EXERCISE INSTRUCTIONS: Leaving the pictures aside, repeat every line below exactly.

PROVIDED MATERIAL:
▼▼▼

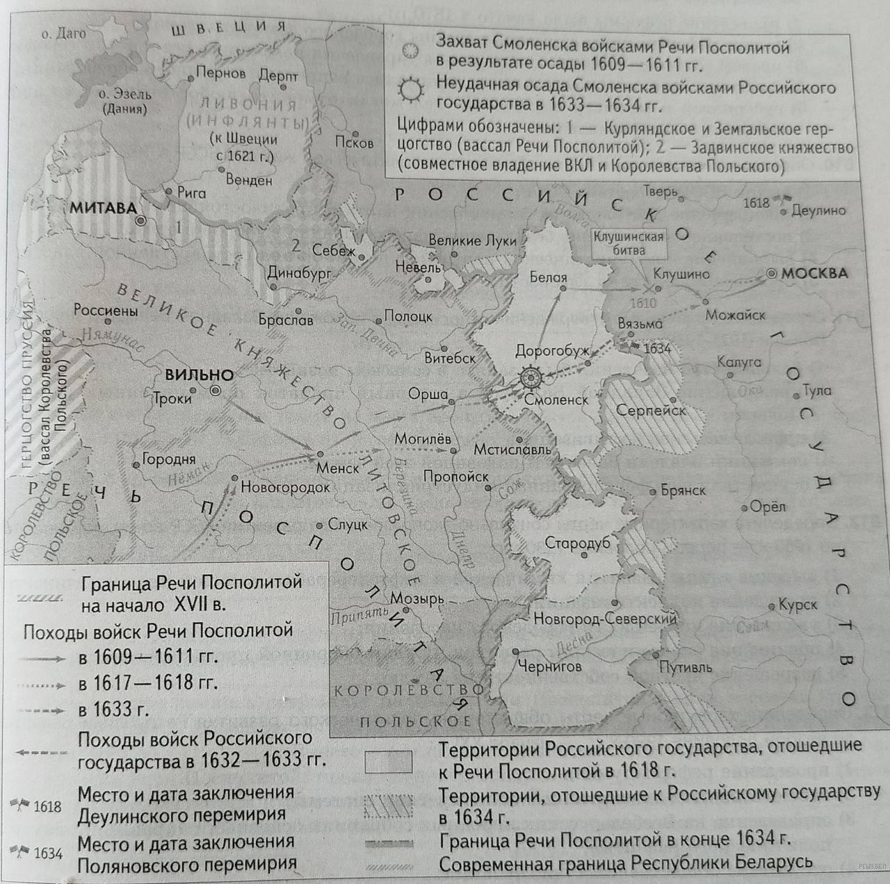 5) Российское государство вернуло в 1634 г. часть территорий, отошедших к Речи Посполитой в 1618 г.
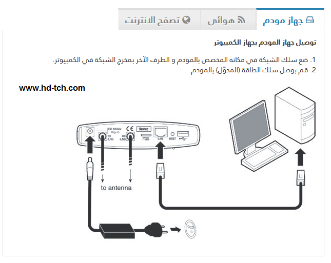 2. بعد استقبال الاشارة، اكتب الرقم 192.168.1.1 في شريط العناوين في المتصفح (Chrome or Firefox)، سيتم الدخول الى المودم لادخال الاعدادت
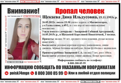 28-летняя Дина Щекаева 26 мая около 19:30 ушла из дома № 45/2 на улице Галиуллина. С тех пор ее местонахождение неизвестно. Женщина ушла вместе с дочерьми – семилетней Сабиной Закировой и трехмесячной Каролиной Щекаевой.

▲▲▲

WRITTEN ANSWER:
 5) Российское государство вернуло в 1634 г. часть территорий, отошедших к Речи Посполитой в 1618 г.
 2. بعد استقبال الاشارة، اكتب الرقم 192.168.1.1 في شريط العناوين في المتصفح (Chrome or Firefox)، سيتم الدخول الى المودم لادخال الاعدادت
 28-летняя Дина Щекаева 26 мая около 19:30 ушла из дома № 45/2 на улице Галиуллина. С тех пор ее местонахождение неизвестно. Женщина ушла вместе с дочерьми – семилетней Сабиной Закировой и трехмесячной Каролиной Щекаевой.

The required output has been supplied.